Women must make many choices about their appearance, which vary with the venue and the impression they want to convey. The struggle, which Bordo discussed, is to coordinate the outer body and the multi-faceted inner self. When preparing for a recent job interview, I considered the many iterations of business dress:
I also faced the daunting task of making my outfit reflect my personality, just as the women Ford mentioned deconstruct the typical wardrobe of academia to incorporate details of their own personalities but retain the “professor” look. I wanted to blend in somewhat to avoid being judged on appearance alone (I am professional and competent!), but still stick out enough to be remembered (I am cheerful and unique!).
Beauty as a Tool
Given that women have a large array of choices when it comes to choosing the right outfit for a specific occasion, women are also able to use beauty as a “tool,” something Nguyen discusses at length in her article. A woman can use fashion a means of expressing how she feels and how she wants to be perceived in others’ eyes. Consider Ford’s discovery of how Africana women activists have used fashion as “both a political tool and a means to re-imagine and redefine black womanhood on their own terms.” From personal experience, sometimes if I want people to know that I am sleepy, sore, lazy, or careless I often wear sweats and no makeup. However, women use this tool for a wide variety of reasons. Instead of using fashion to express one’s inner self, sometimes women utilize fashion as a means of impressing either men or women. Sometimes women will wear things they dislike in hopes of simply attracting or pleasing others, whereas I would hope to see clothing used as a means of self-expression.
While reading Pham’s Ms. article, I was intrigued by her example of women dressing to mimic the male figure to appear more masculine in the workplace. This made me think about how women present themselves differently to impress different people. In one of my favorite magazines, Glamour, there are often fashion or beauty tips concerning what guys think is attractive versus what girls think is attractive, such as in this article, “Guy Pretty vs.
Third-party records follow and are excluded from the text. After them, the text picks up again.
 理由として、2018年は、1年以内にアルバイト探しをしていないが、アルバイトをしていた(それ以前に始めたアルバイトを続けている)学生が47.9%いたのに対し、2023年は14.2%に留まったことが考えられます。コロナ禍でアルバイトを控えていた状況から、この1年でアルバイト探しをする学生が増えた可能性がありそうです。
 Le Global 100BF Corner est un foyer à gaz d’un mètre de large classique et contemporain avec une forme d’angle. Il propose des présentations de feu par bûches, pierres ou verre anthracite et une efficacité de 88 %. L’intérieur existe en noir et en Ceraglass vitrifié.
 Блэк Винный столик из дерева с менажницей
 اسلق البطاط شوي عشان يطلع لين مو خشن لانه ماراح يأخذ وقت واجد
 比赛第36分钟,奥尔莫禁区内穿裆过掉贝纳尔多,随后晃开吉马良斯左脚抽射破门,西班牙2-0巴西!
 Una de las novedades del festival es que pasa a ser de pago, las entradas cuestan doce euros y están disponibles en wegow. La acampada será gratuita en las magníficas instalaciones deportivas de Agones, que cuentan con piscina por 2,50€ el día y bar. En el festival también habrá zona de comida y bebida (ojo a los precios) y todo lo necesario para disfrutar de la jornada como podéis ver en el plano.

Girl Pretty.” This article writes that men and women perceive certain beauty and fashion styles extremely differently, and it is virtually impossible for women to please both sexes when making their fashion and beauty choices.
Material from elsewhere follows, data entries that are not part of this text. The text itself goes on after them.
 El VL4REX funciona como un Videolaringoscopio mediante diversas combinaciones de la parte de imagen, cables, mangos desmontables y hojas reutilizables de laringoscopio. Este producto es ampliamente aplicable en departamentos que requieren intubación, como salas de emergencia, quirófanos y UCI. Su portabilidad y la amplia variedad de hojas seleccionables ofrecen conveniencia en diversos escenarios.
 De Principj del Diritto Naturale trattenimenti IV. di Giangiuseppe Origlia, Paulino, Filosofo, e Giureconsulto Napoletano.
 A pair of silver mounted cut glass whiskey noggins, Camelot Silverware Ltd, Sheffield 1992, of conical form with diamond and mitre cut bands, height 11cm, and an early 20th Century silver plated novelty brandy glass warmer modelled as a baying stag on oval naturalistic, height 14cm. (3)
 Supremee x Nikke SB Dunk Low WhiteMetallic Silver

Risks in presentation: a personal example
I am a white student, and what I find myself asserting is often not explicitly my racial identity but my age. There are many ways to dress the part of a young white woman: for example, in my last office job, my clothes became more colorful and less covering over time. Alternately, as a mainline Protestant, I sometimes dress in religious settings to call attention to the difference my age creates. The reaction to my presence is often varied: people often thank me for being present, but I have been told that I “don’t have enough life experience” to comment. In this case, I intend to draw attention to what differentiates me, though the result is not always positive
Ford states, “Women of color in particular use their clothing to challenge and redefine notions of ‘professional’ attire on their own terms,” and when I wear colored tights in an office or sneakers with a church dress, I assert my ability to participate distinctly as a young person. Yet the assertion is cautious, and my dress only changes after I am convinced that right exists.
Women navigate a variety of possibilities, and a huge range of expectations, in dress. In our experience, risks can pay off by providing valuable attention or cause negative reactions; for Ford, the risks may be greater for non-normative bodies, but the more the risks are taken, the more they become accepted.